Bava Metsia, chapitre 5, Michna 7. Dans cette Michna, nous revenons sur l'interdiction de niveau rabbinique de "pessika al haperot" - la conclusion de contrats à terme, où le vendeur reçoit un paiement immédiat en échange de la livraison future d'une marchandise. Les Sages ont interdit cela dans des circonstances normales, bien qu'il ne s'agisse pas ici d'un prêt mais d'une simple transaction commerciale, et que ce ne soit certainement pas une interdiction de la Torah. La raison en est que la transaction ressemble et est perçue comme un prêt, et qu'elle risque même de nuire au vendeur, de la même manière qu'un prêt à intérêt mord l'emprunteur.

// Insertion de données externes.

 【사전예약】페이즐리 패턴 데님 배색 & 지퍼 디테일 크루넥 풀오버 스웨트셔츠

Comment cela se présente-t-il ? L'acheteur paie au vendeur cent aujourd'hui, et le vendeur doit lui fournir dans un mois dix gallons d'huile. Au cours de ce mois, le prix de l'huile peut augmenter, et lorsque le vendeur fournira les dix gallons, leur valeur sera de deux cents. Certes l'acheteur est gagnant, mais le principal sujet de préoccupation est le vendeur : il a pris l'argent maintenant et fournit la marchandise plus tard, et cela ressemble à rendre ce qu'il a reçu avec un supplément - la transaction lui coûte cher et c'est lui qui en pâtit.

C'est pourquoi les Sages ont déclaré que, puisque la chose ressemble à un intérêt et est vécue comme un intérêt, elle est interdite de niveau rabbinique - à moins que l'une de deux conditions fondamentales ne soit remplie, et c'est ce dont traite notre Michna.

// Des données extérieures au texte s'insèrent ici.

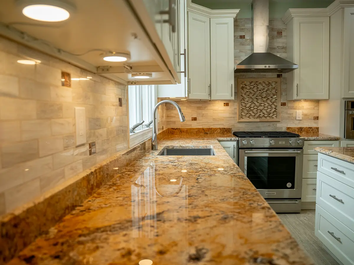 - Installing quartz countertops and 60 sq. ft. of backsplash
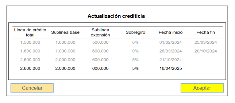 Disponible Línea de crédito total = Disponible de Sublinea base + Disponible Sublinea extensiones
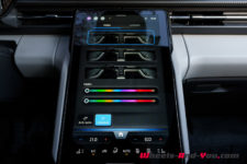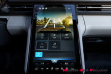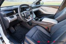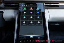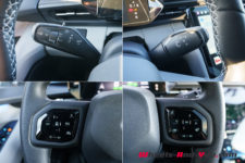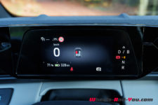 Par certains aspects, l’intérieur rappelle un peu celui du VW ID.4 : un petit écran trapézoïdal derrière le volant (5.4″), un plus grand écran au milieu de la console centrale (14.6″), une commande de transmission rotative derrière le volant côté droit. Le panneau de commande des phares, situé à gauche du volant, est même identique en tout point.

La première condition - "yech lo" :

Cette condition n'est pas si explicite dans la Michna. "Yech lo" signifie que la marchandise vendue se trouve actuellement dans le stock du vendeur : les dix gallons d'huile sont dans son entrepôt, et bien qu'il ne les fournisse que le mois prochain, ils sont en sa possession dès maintenant. Pour cette raison, lorsque l'acheteur donne les cent dollars, les Sages considèrent que c'est comme si le vendeur lui avait remis l'huile immédiatement, et n'avait repoussé que la livraison effective à une date ultérieure.

Certes, l'acheteur ne devient pas le propriétaire de l'huile, car pour une acquisition, il faut un acte tel que la Hagbaha (le soulèvement) ou un autre acte d'acquisition, ce qu'il n'a pas fait. De plus, bien qu'en principe il ait le droit de se rétracter tant qu'un acte d'acquisition n'a pas été accompli, s'il le fait, il subira la sanction de "Mi chépara" - une malédiction des Sages, selon laquelle le Saint béni soit-Il, qui a puni la génération du Déluge et la génération de la Dispersion, punira à l'avenir celui qui ne tient pas sa parole, s'engage dans une transaction, paie son argent et le réclame ensuite. C'est pourquoi la transaction est considérée comme pratiquement conclue.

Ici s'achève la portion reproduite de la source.